-------- The records --------

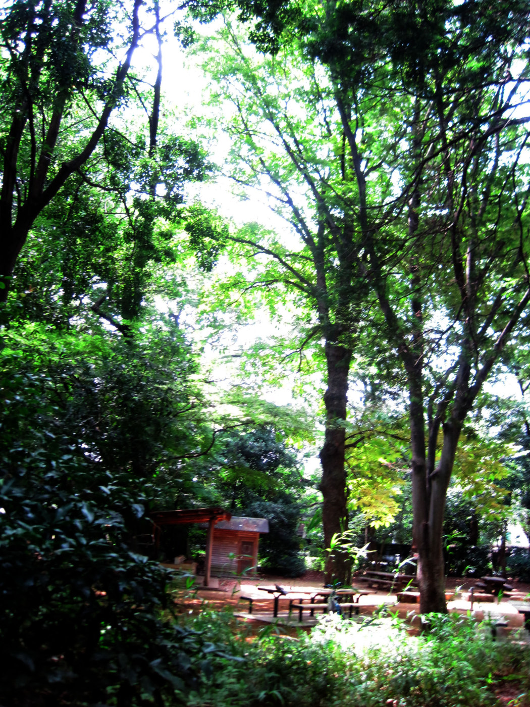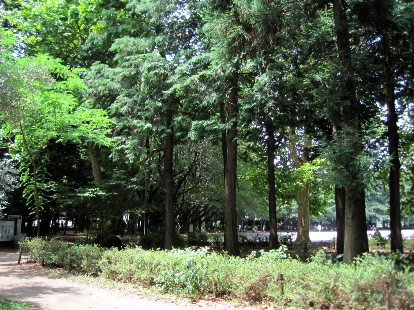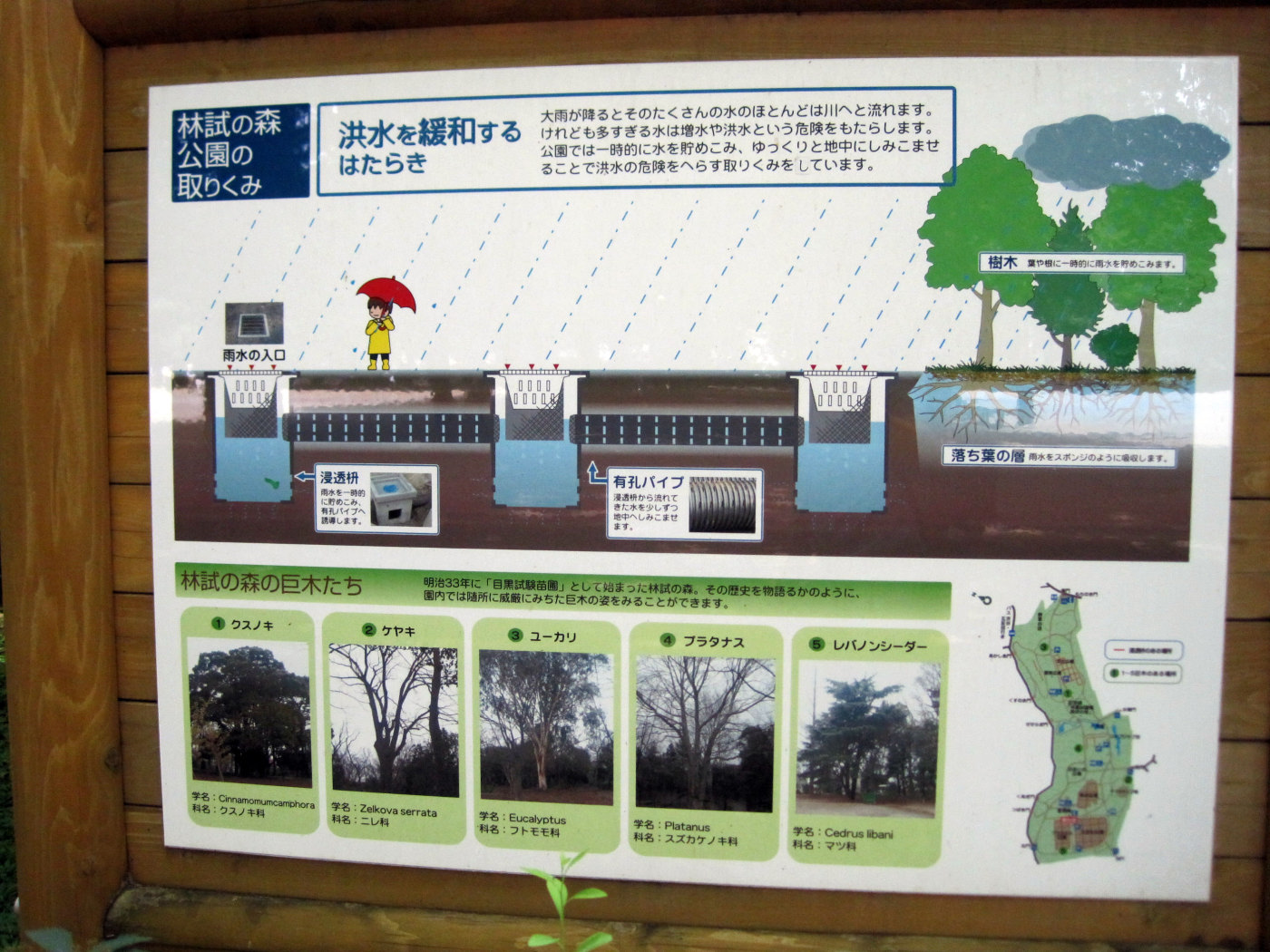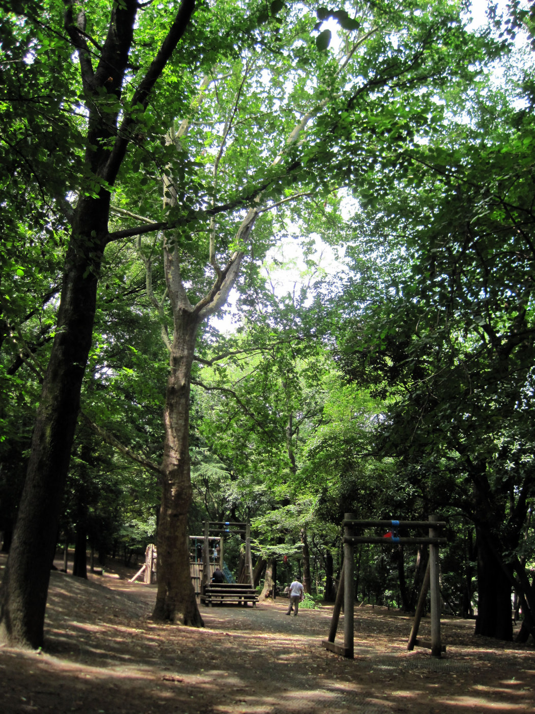 【園内:林業試験場当時の樹木がそのまま残されており、都内でも屈指のケヤキ、クスノキ、プラタナス、ポプラ、スズカケノキなどの巨木がある。その他、カイノキ、ベニカエデ、ヒマラヤゴヨウ等の外国産樹木やアベマキ、ハナガガシ、ニオイドロ等の珍しい木などもあり解説のプレートもつけられている。園内で最も太い木は幹周が3.82メートルのケヤキ。最も高い木は高さ35.5メートルのポプラ。大木の揃った森の他、芝生広場、デイキャンプ施設、夏期に子供が入れるじゃぶじゃぶ池、西側には野球やサッカーの練習(要申込で試合は不可)にも使用できるグラウンドも整備されている。】ということです。
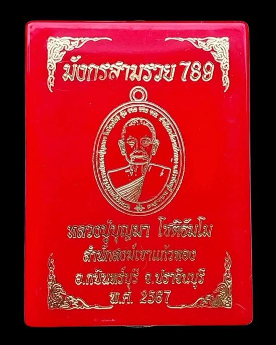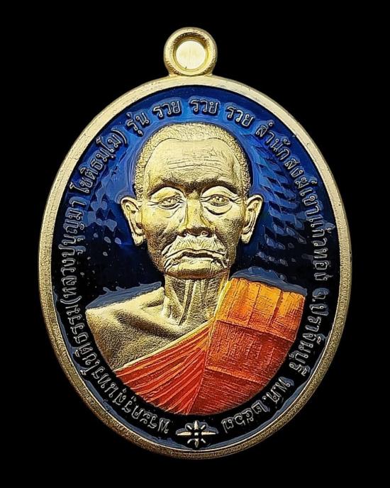 เหรียญมังกรสามรวย789 เนื้อกะไหล่ทอง ไล้สีดำ น้ำเงิน จีวรส้ม(นำฤกษ์) หลวงปู่บุญมา สำนักสงฆ์เขาแก้วทอง จ.ปราจีนบุรี
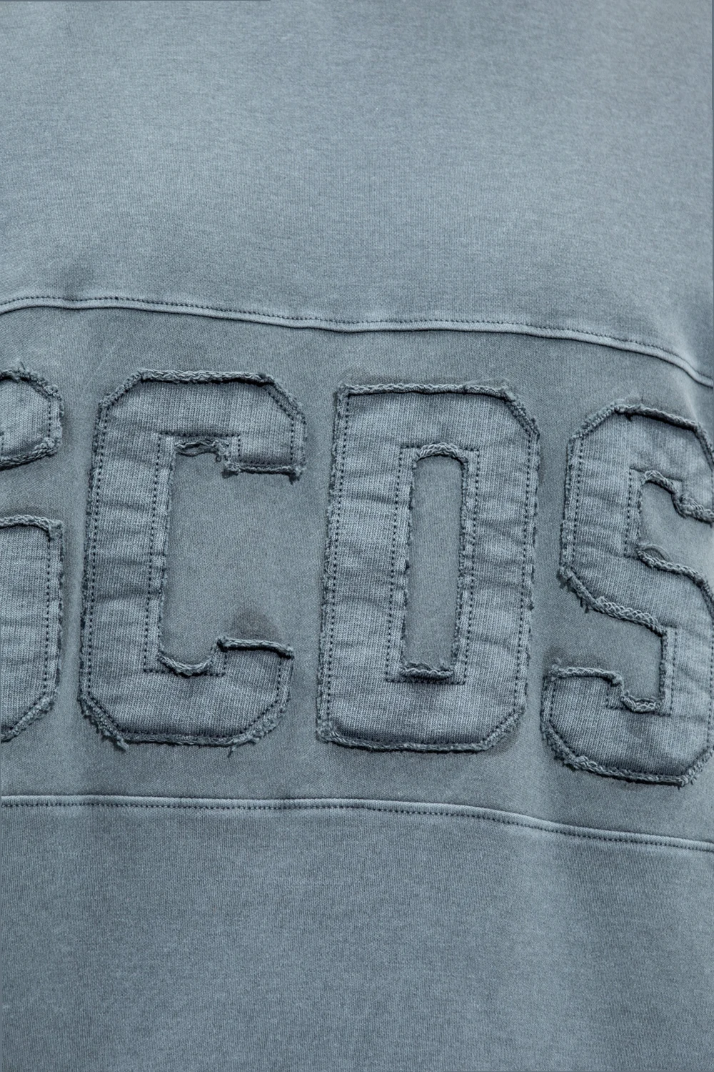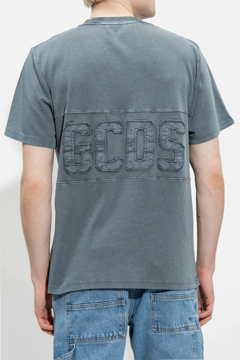Ciemnoniebieski t-shirt GCDS. Wykonany z bawełny. Ozdobiony naszywką z logo z surowym wykończeniem. Okrągły dekolt wykończony ściągaczem. Krótkie rękawy.
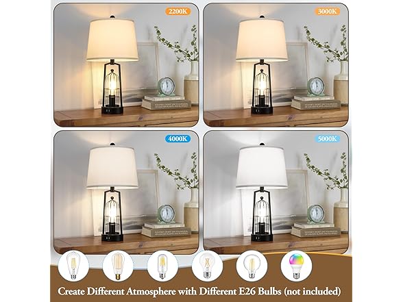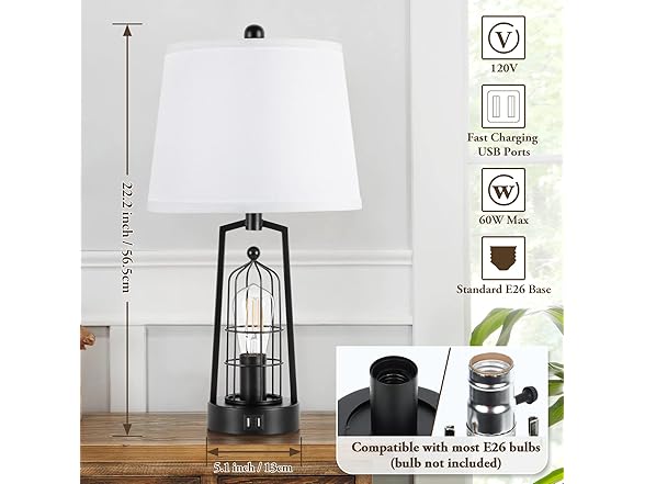 Brightever Farmhouse Table Lamps with 2 USB Ports, Set of 2 Rustic Industrial Desk Lamp for Living Room, 2-Light Black Bedside Lamp, Bedroom Nightstand Lamp with White Lampshade for House Decor, Reading
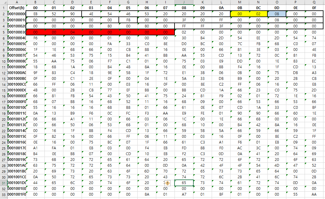 더 자세한 분석을 위해 2048번째 섹터의 512바이트 정보를 엑셀로 불러온다
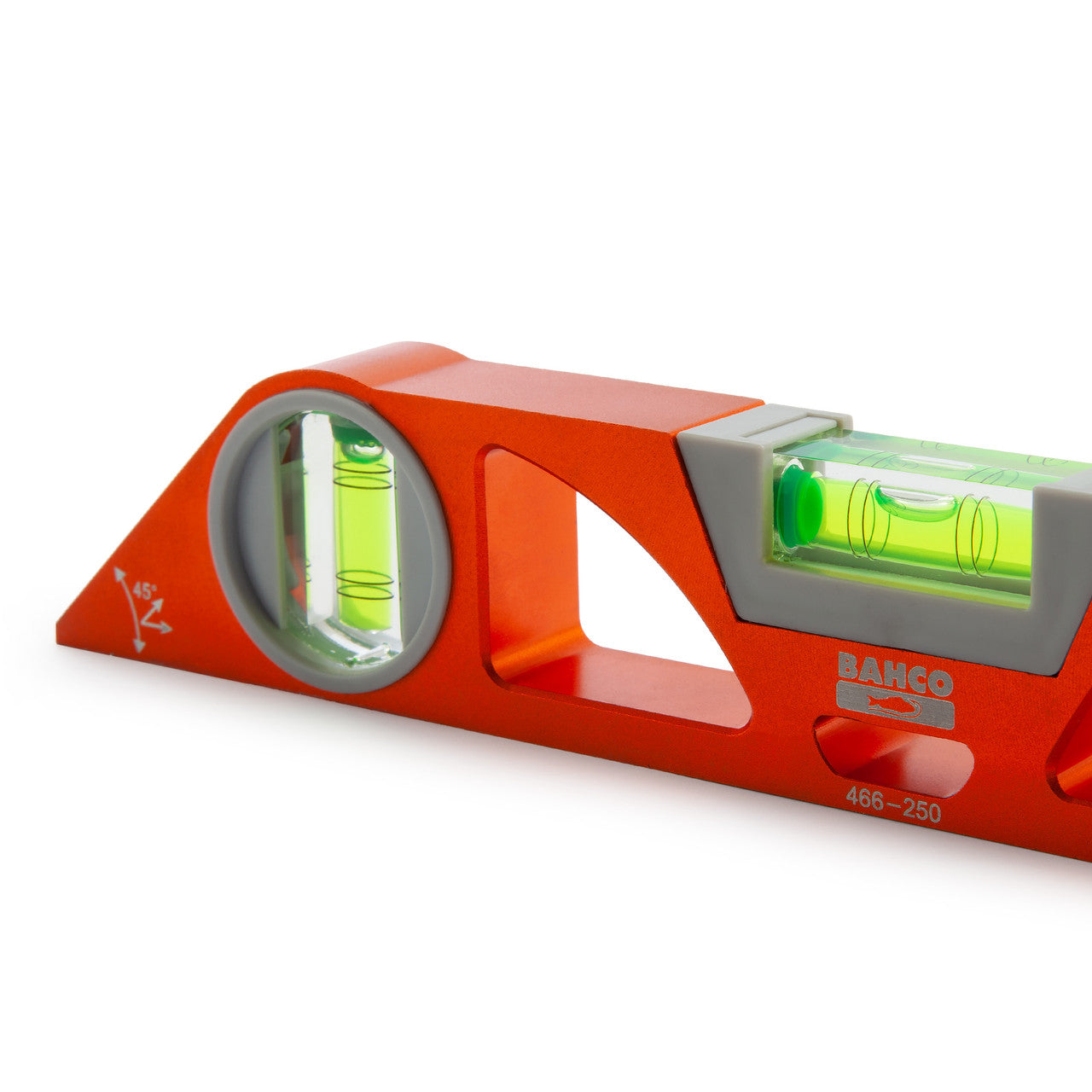 The Bahco 466-250 scaffold spirit level is robust and durable thanks to its solid anodized aluminium construction. It can withstand the impacts of the job site with high-precision ± 0.5 mm/m accuracy. The open frame design makes handling easier and 45° and 30° angles pre-sets allow for quick angle setting.

--------

Work item >> The required output is the exact run of lines from the start of the records through the line containing "เหรียญมังกรสามรวย789 เนื้อกะไหล่ทอง ไล้สีดำ", both ends included, with no pictures.

Task answer >>
 【園内:林業試験場当時の樹木がそのまま残されており、都内でも屈指のケヤキ、クスノキ、プラタナス、ポプラ、スズカケノキなどの巨木がある。その他、カイノキ、ベニカエデ、ヒマラヤゴヨウ等の外国産樹木やアベマキ、ハナガガシ、ニオイドロ等の珍しい木などもあり解説のプレートもつけられている。園内で最も太い木は幹周が3.82メートルのケヤキ。最も高い木は高さ35.5メートルのポプラ。大木の揃った森の他、芝生広場、デイキャンプ施設、夏期に子供が入れるじゃぶじゃぶ池、西側には野球やサッカーの練習(要申込で試合は不可)にも使用できるグラウンドも整備されている。】ということです。
 เหรียญมังกรสามรวย789 เนื้อกะไหล่ทอง ไล้สีดำ น้ำเงิน จีวรส้ม(นำฤกษ์) หลวงปู่บุญมา สำนักสงฆ์เขาแก้วทอง จ.ปราจีนบุรี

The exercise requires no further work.